An initiative has started at work aimed at making the organisation “simpler”. One is invited to submit ideas as to how, and I suppose it is an initiative to be encouraged.

Having said that, I’ve come across these sorts of initiatives before and they always make me smile somewhat. The implication tends to be that what we have “now” (assumed to be the nightmarish non-simple “complex” organisation) somehow came about on its own. It just “grew” like weeds and brambles taking over your otherwise perfect and well designed garden. No-one was responsible for the complexity building up. It just happened somehow, by itself, right?

This is nonsense of the highest order. Complex organisations don’t just happen: they are designed that way. We made them. So it’s a bit rich that we now complain about what we’ve done and want to undo it, but without acknowledging how we got into the complexity in the first place. It wasn’t some random serendipitous event that brought it about.

I recently saw a television interview where a politician was complaining that police officers do too much desk-based office work and they need to reduce it.

I don’t think it occurred to him that the desk-based office work was there because politicians like him had told the police to do it.
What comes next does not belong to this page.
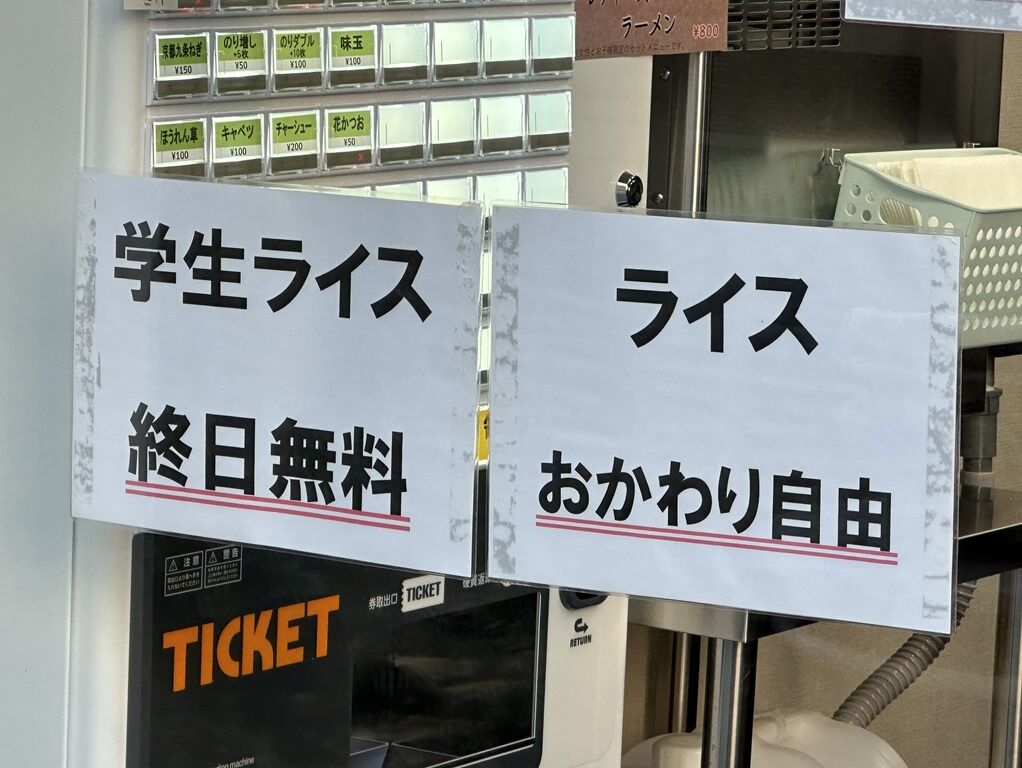 学生ライス終日無料おかわり自由。なお、オープン初日の本日はどなたでもライス無料。
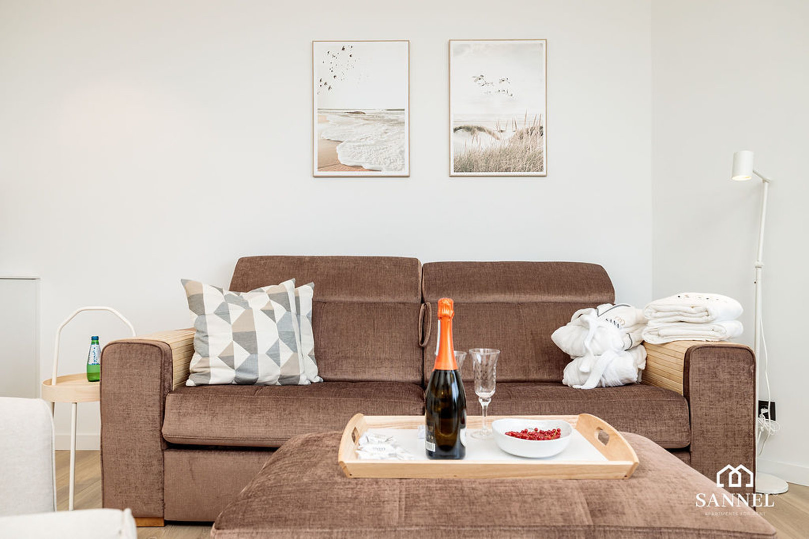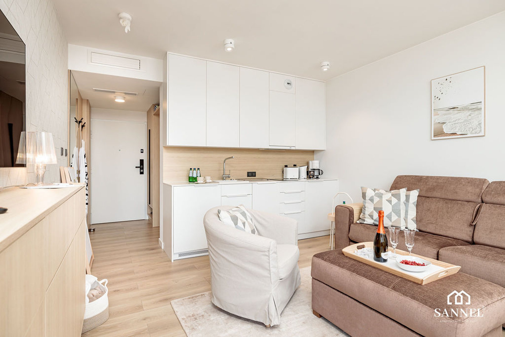 Sands składa się z salonu z aneksem kuchennym, łazienki oraz przestronnego balkonu. Pokój wyposażony został w wygodną sofę z rozkładanym stelażem do spania, pojemną komodę do przechowywania rzeczy, fotel oraz TV z dostępem do kanałów w różnych językach ( dekoder CANAL+ ), platform streamingowych oraz internetu. Wydzielone zostało także miejsce do spożywania posiłków w postaci dużego stołu z krzesłami. Na balkonie znajduje się komplet wygodnych foteli wypoczynkowych. W pełni wyposażony aneks kuchenny posiada wszystkie niezbędne akcesoria i sprzęty AGD jak toster, ekspres do kawy, czajnik elektryczny, płytę indukcyjną, potrzebne do przygotowania posiłków. W aneksie kuchennym umieszczona została także pralka. Łazienka apartamentu Sands składa się z bezprogowej kabiny prysznicowej z odpływem liniowym, umywalki z blatem i szafką, wiszącą szafkę z lustrem oraz toalety. W korytarzu znajduje się pojemna szafa do przechowywania rzeczy, duże lustro oraz wieszaki.

People don’t create administration and beaurocracy themselves. It has to be as a response to some stimulus or instruction. You might also want to ask him why the admin tasks were brought in at all if lots of time and effort will be spent removing it all again later…

Then there was the UK government department that for years was called the Department of Trade and Industry. Then for a while it was bizzarly renamed Department of Business, Enterprise and Regulatory Reform. The ‘Regulatory Reform’ bit seemingly also coming from the ‘simplicity’ agenda. Again, it seemed to have escaped politicians notice that the very ‘regulations’ in need of ‘reform’ (i.e. were supposedly ‘bad’) were the very ones created and passed by the politicians. Yet they were again behaving as if it was a case of taking a flame thrower to the stinging nettles.

Life is not a series of chance events: It is the product of decisions that people
consciously make. These decisions might not always be good ones, but they nonetheless exist. We can’t deny them and pretend everything around us is random. It is important to learn WHY our environment is the way it is and what led us there. Only then can we make meaningful decisions about change – simplicity or no simplicity.